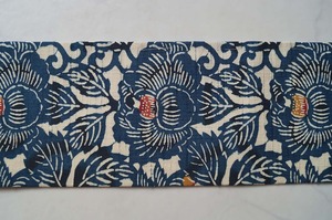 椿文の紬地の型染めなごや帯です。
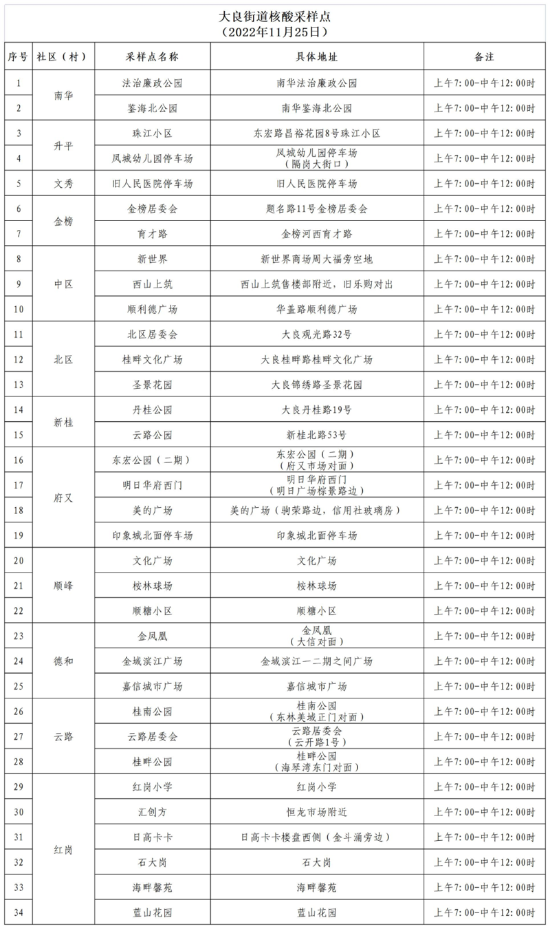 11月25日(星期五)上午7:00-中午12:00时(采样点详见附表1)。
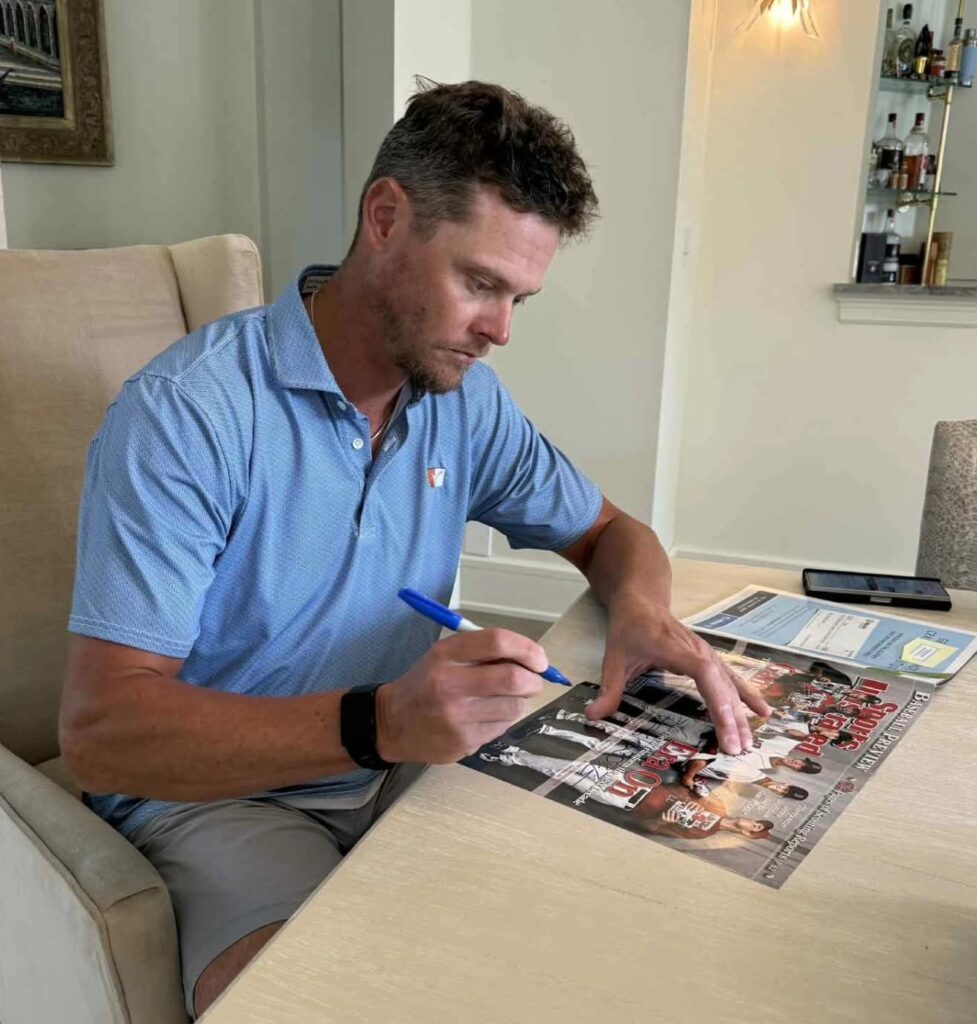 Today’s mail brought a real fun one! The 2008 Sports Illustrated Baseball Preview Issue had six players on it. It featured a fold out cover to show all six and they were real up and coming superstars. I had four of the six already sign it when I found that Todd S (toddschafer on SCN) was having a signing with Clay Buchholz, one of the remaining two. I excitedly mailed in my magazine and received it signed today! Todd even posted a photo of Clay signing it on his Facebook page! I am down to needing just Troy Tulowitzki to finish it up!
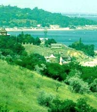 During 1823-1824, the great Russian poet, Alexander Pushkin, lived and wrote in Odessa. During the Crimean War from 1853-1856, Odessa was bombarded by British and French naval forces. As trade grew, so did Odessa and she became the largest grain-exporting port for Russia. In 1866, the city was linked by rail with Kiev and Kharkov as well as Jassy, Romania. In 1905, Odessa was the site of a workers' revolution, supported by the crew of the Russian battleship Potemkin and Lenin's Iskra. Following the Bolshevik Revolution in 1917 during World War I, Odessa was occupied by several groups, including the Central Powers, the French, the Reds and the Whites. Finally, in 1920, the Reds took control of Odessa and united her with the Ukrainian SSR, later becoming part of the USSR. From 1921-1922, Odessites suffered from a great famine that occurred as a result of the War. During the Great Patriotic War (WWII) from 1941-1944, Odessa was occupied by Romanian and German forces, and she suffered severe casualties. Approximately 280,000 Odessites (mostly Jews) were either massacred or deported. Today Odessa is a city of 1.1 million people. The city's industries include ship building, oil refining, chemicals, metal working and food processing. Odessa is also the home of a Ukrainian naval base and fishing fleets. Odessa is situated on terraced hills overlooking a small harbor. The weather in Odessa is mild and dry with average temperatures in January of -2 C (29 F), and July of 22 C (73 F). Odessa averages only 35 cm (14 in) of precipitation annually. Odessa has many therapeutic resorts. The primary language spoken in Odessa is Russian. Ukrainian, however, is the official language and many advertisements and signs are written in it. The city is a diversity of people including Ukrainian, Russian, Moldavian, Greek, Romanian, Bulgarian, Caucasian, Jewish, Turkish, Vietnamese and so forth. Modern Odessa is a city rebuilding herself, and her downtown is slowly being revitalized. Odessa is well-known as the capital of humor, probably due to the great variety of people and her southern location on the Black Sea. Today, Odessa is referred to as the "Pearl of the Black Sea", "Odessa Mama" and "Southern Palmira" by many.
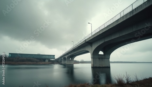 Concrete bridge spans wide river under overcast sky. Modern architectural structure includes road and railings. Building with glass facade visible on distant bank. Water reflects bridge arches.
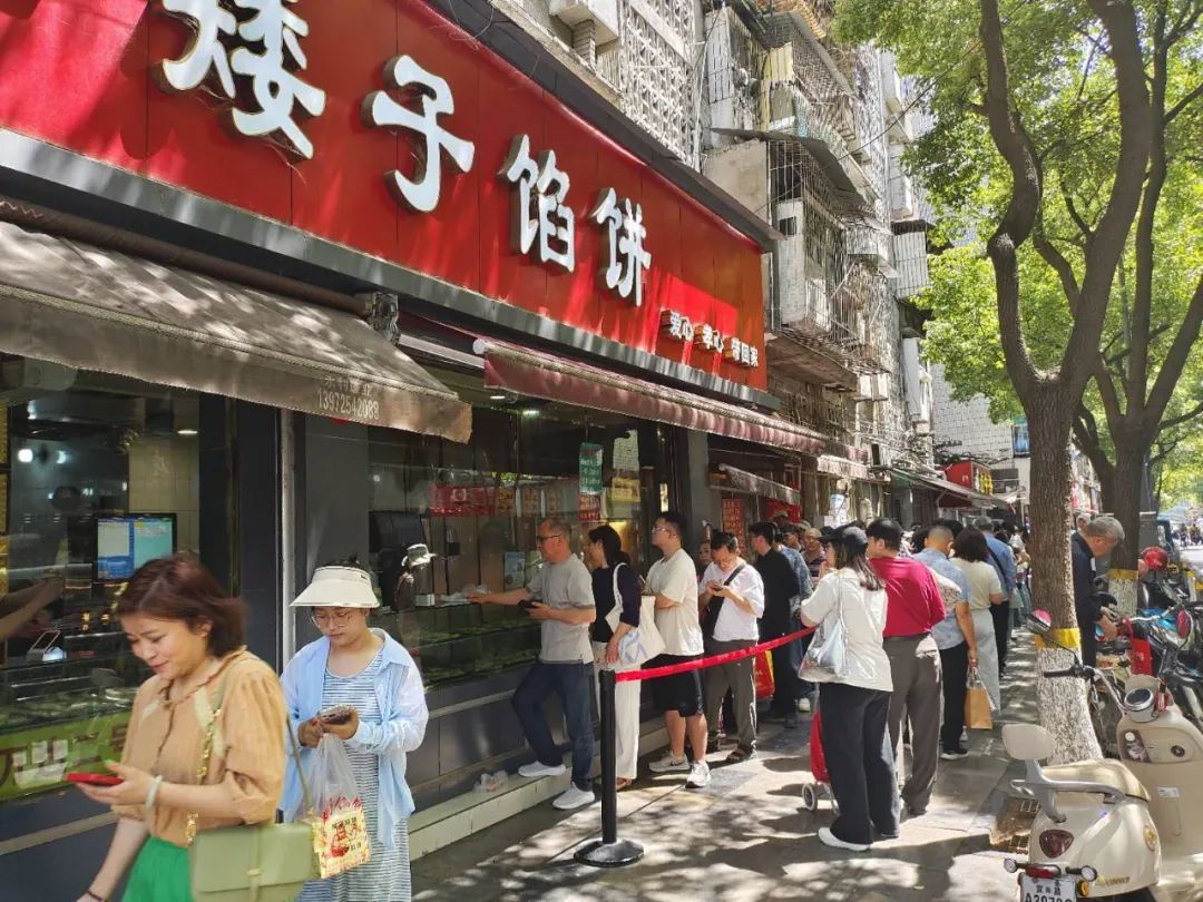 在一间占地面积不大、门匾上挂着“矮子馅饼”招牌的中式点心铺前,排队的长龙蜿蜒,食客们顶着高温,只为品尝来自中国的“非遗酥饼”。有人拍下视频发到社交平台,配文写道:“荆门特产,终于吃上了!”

_____

__Work item__
Repeat word for word the lines above, from the first entry through the line containing "11月25日(星期五)上午7:00-中午12:00时(采样点详见附表1)。", with both ends kept and the pictures dropped.

__Exercise solution__
 椿文の紬地の型染めなごや帯です。
 11月25日(星期五)上午7:00-中午12:00时(采样点详见附表1)。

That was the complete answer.